10代目「アコード」乗ってわかった走りの質感

e:HEVが実現した新たな“意のまま"の走り

反対にSPORTモードでは高めの減衰力特性に固定しつつ、アクセル操作に対する応答性を高めた出力特性に変化。同時に、電動パワーステアリングや、前輪ブレーキを適宜制御してコーナリング時の安定性を高める「アジャイルハンドリングアシスト」の特性を俊敏に。さらに、擬似的な音響装置である「アクティブサウンドコントロール」機能によって増幅させた加速音をスピーカーから出力する。

ここまできて、各種ギミックこそセールスポイントに思われる新型アコードだが、実際に運転環境に合わせて各モードを変更してみた結果、失礼ながらそこに新型アコードらしさを感じることはなかった。

逆に筆者がもっとも“らしさ”を実感したのは、日常的な運転操作。その時、「人中心の感性に訴えかける乗り味」という開発哲学が、手に取るように伝わってきたからだ。

モーター駆動車ならではの“意のまま”の走り

運転席に座ると、真っ先に7インチの液晶画面に映し出される大きな2眼式メーターに目が行く。右側がスピードメーター、左側は出力とエネルギー回生を示す「パワー/チャージメーター」で占められる。

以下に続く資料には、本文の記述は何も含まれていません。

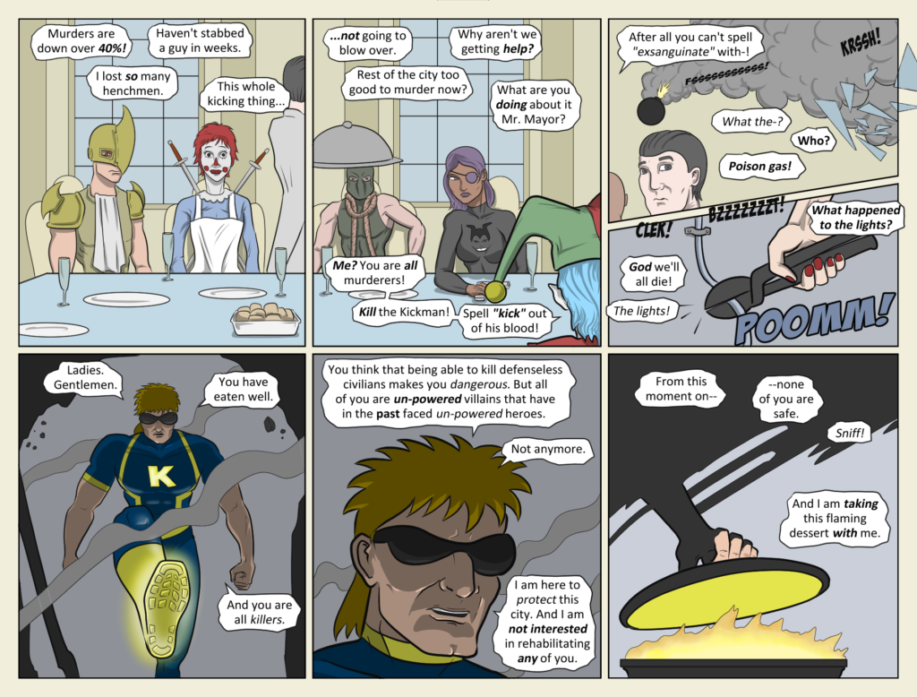 POOMM! There’s a new sheriff in town, criminals! With that dramatic lighting, their nerves surely will fray! Although technically, I guess Kickman is the criminal here, since murder is legal here in the Murder District of Villain City. In fact,[…]↓ Read the rest of this entry…
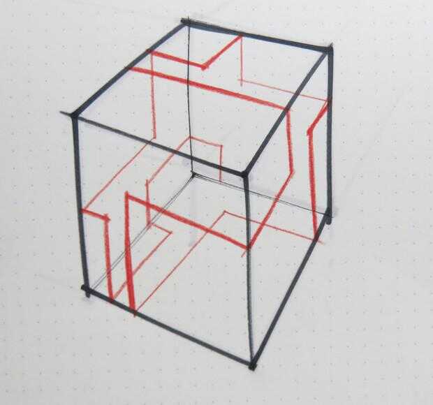 Luego dibujar una línea continua a través de la superficie que explora todas las partes de la figura. Mantener la línea en perspectiva con los lados y sólo girar en ángulos de 90 grados.
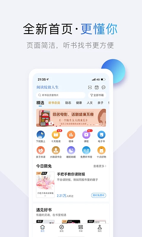 用温暖音频、精彩短视频、精品美文、海量美图多种形式,帮你快速完成自我蜕变,遇见更好的自己。读好书,每晚十点读书,关于好书、美文,、书摘、连载、书店、书单……还有你。听精品有声书、学大咖精品课、与百万书友参与共读活动,海量精彩内容不停更。
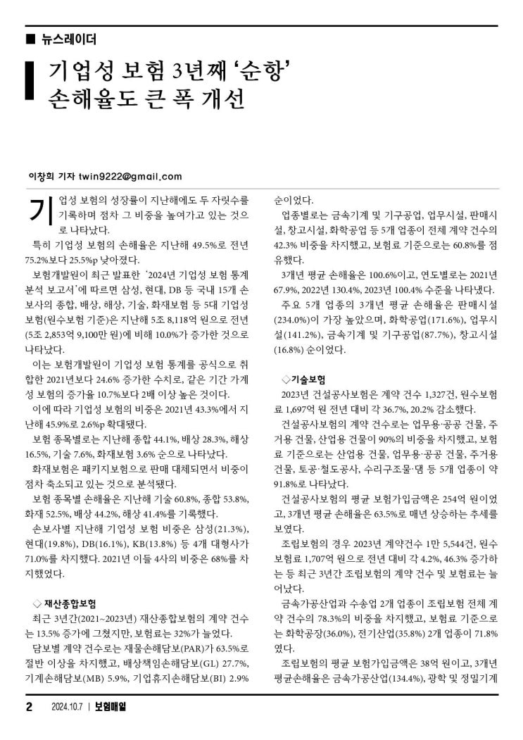 [인카 린치핀]보험 뉴스 2024년 10월 07일 월요일
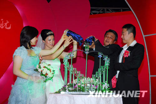 9月27日,王楠与丈夫郭斌在婚礼现场。新华社发(初阳 摄)
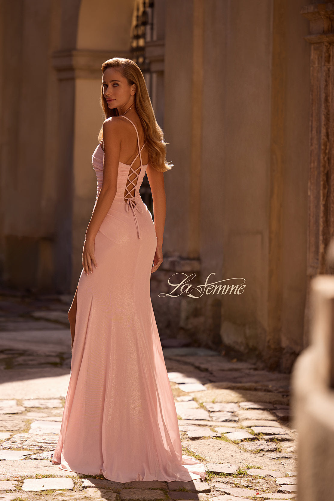 Fitted metallic net jersey ruched prom dress with a criss cross bodice design. The back features a lace up adjustable tie and hat skirt has a slit. Back zipper closure.

注目すべきは左側のアクセル操作に連動するパワーメーターで、8コマに区切られているうち、針が中間の4コマ目を超えないよう意識的にアクセル操作をしてみると、新型アコードがe:HEVで目指した走りが体感できる。

液晶表示されるパワーメーター(筆者撮影)

発進時を例に具体的に解説する。2コマ目までを上限にじんわり踏み込み、周辺の交通環境に合わせて操作量を調整していくと、モーター駆動特有の力強い走りが得られる。

ここでの要は“しっかり踏み込み、そこを保つこと”。その後の増速でも同じくしっかりとしたアクセル操作が求められる。高速道路でも同じくじんわり踏んで4コマ目あたりを上限に走らせると、加速させたい気持ちとクルマがリンクする。

誤解がないように申し添えればこの新型アコード、決して力不足なわけではなく、むしろ速い。それこそ8コマ目まで達するようアクセルを踏み込めば、高めの躍度を保ったまま一気に高速域まで向かう。

ただ、昨今の電動化車両のように、少しのアクセル操作量に対してグンと前に出るような加速演出がないため、それらと比較すると、「おや、遅いかな」と感じられるのだ。

こうした、しっかりと踏み込むアクセル操作を求めるということは、反対に減速させる際もじんわり戻せば必要な分だけ速度を落とせる、ということ。無意識に、といったら大げさだが、右足に意識を集中させずとも速度調整が楽に行えるから気疲れしない。

“意のまま”と表現されることの多いこうした走行特性は、新型アコードの大きな美点。車格やパワートレーンによる程度の差はあるが、フィットのe:HEVモデルとの共通項でもある。